Matsushita's strategies

Consistent with the Japanese tradition, the operations of Matsushita have been guided by the vision of producing high-quality competitive products. Another factor has been the fear of being pushed out of the market by either genuine competitive pressures or a monopolistic situation developing within Tanzania. The firm has developed explicit strategies in the areas of utilizing mass assembly lines skill enhancement and aggressive marketing.

The assembly of components and parts into finished products is extremely labour-intensive and would be expected to benefit from the low wages prevailing in Tanzania. Furthermore' the assembly of standard products and components in large volumes is considered the key to the realization of economies of scale. To achieve and maintain high levels of quality in the products the workers have to be skilled. Matsushita has thus placed strong emphasis on local training. Of all the workers who have received training, in-house (on-the-job) training has accounted for 50 per cent, training in local institutions accounts for 35 per cent and training abroad (in Japan Sweden and Pakistan) has accounted for 15 per cent. There is a strong quality control department and the company has a systematic and aggressive marketing strategy. It is continuously carrying out product market research, conducted in most cases by consultancy firms. Aggressive marketing is also reflected in regular advertising in both local and regional media and a systematic collection of customer enquiries. Matsushita exports batteries to Rwanda, Burundi, Zaire and Malawi.

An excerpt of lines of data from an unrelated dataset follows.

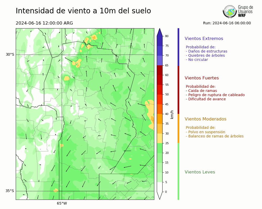 • Intensidad máxima: 6.77 km/h (18/06/2024 23hs.)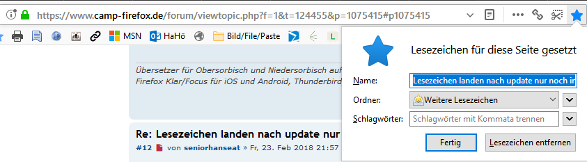 Lesezeichen landen nach update nur noch in "Witere Lesezeichen"
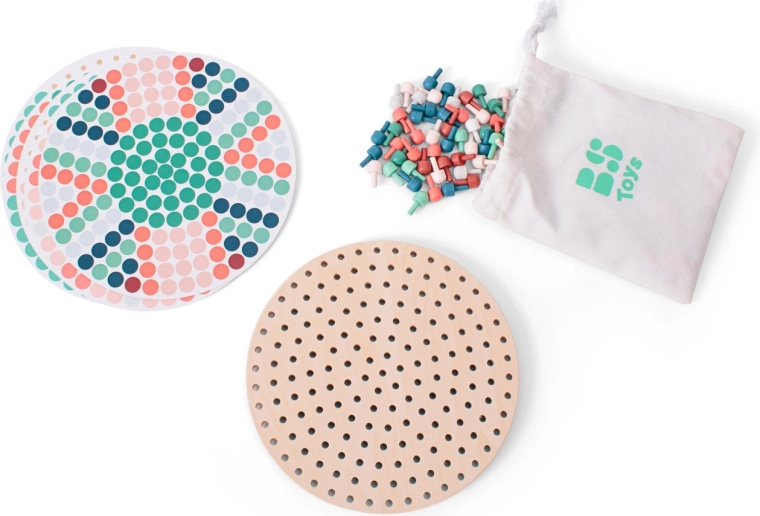 Ontdek een creatieve speelset voor kinderen vanaf 4 jaar: een houten mozaïek met 217 kleurrijke pinnetjes en sjablonen. Stimuleert fijne motoriek, oog-handcoördinatie, logisch denken en creativiteit. Kwalitatief houten bord met een diameter van 19 cm, dubbelzijdige voorbeeldkaarten en een praktische katoenen tas voor eenvoudig opbergen.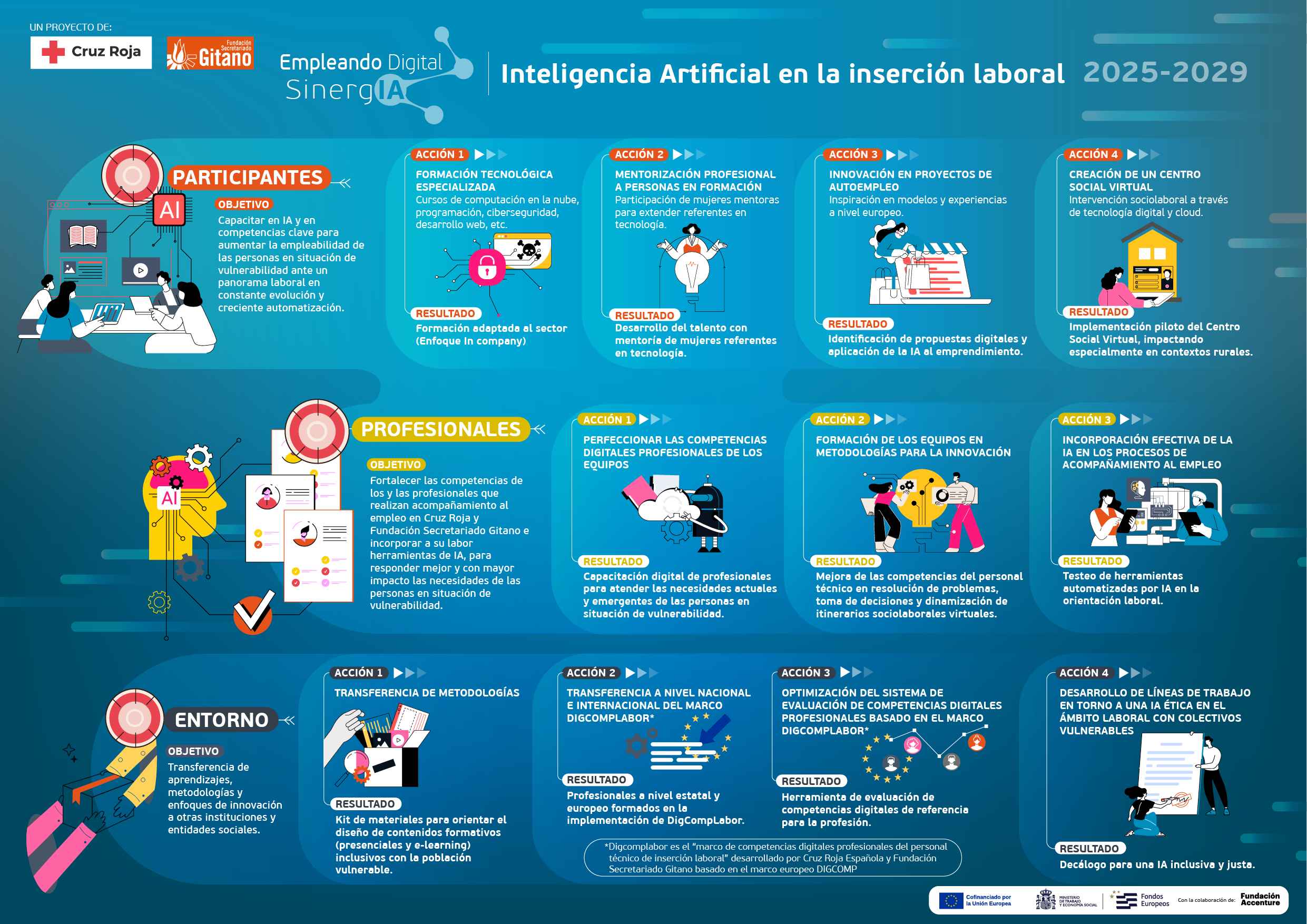 Este innovador proyecto, impulsado por Cruz Roja Española y la Fundación Secretariado Gitano con la cofinanciación de la Fundación Accenture y el Fondo Social Europeo Plus (FSE+) apuesta por poner la tecnología al servicio de las personas, especialmente de quienes más lo necesitan. Su propósito es claro: transformar la inserción laboral mediante el uso ético, estratégico e inclusivo de la inteligencia artificial, asegurando que nadie se quede atrás.

The textile firms strategies

Four of the five textile firms in our sample were established as part of the import substitution strategy. Most of these firms attempted to export only after several years of operation: Friendship Mill after eleven years; JV Textiles after nine years, Polytex after two years. Their entry into the export business came in response to two factors: the loss of local markets, especially after the liberalization of trade which saw an influx of second-hand clothes (see Table 8.6) and new opportunities arising out of new contacts and market research.

When these changes started to he felt, firms started targeting the export market. However, a number of problems were experienced: poor quality, due mainly to old machinery, and high costs, partly reflecting the technology in use and partly due to high costs of operation, which in the past were easily recovered given the monopoly position of these firms and the cost plus' pricing method in use. These problems necessitated changes in strategy if these firms were to survive, changes which are currently being coordinated by TEXTMAT (Textiles Manufacturers' Association of Tanzania).

One common factor is that all textile firms import technology. The first strategic response was then to effect changes in the technology used. Specific machines were imported to cater for export production with an emphasis on automation Changes have taken place in the processes of printing (replacement of roller and flatbed printing with rotary screen machines), winding (with the introduction of electronics) and in weaving (airjet looms and rapiers). The introduction of these new machines has been relatively easy due to the reorientation of human resources development in response to the market changes. The emphasis has shifted slightly from in-house training to high-level training, in some cases overseas. In addition, the accumulated skills of the past, in areas such as the fabrication of spaces, tooling, etc., have greatly helped in enabling firms to modify certain machines. They have, for example, gone from using imported rayon to local cotton and from imported starch to local cassava starch. These modifications have resulted in a considerable reduction of production costs, as import content was lowered. Operational costs have been further lowered through streamlining employment.

One area which has seen great strategic response has been marketing, with the goal of targeting the export market. Through individual firm efforts and TEXTMAT, firms have established an export 'desk' within their organizational structure and have even been able to penetrate the highly competitive markets of the West, where specialized products are sold, although on a small scale. Specific new marketing strategies have included the appointment of marketing agencies abroad, effective participation in trade fairs abroad, a close working relationship with the Board of External Trade in the search for new markets, market visits and advertisements in mass media overseas.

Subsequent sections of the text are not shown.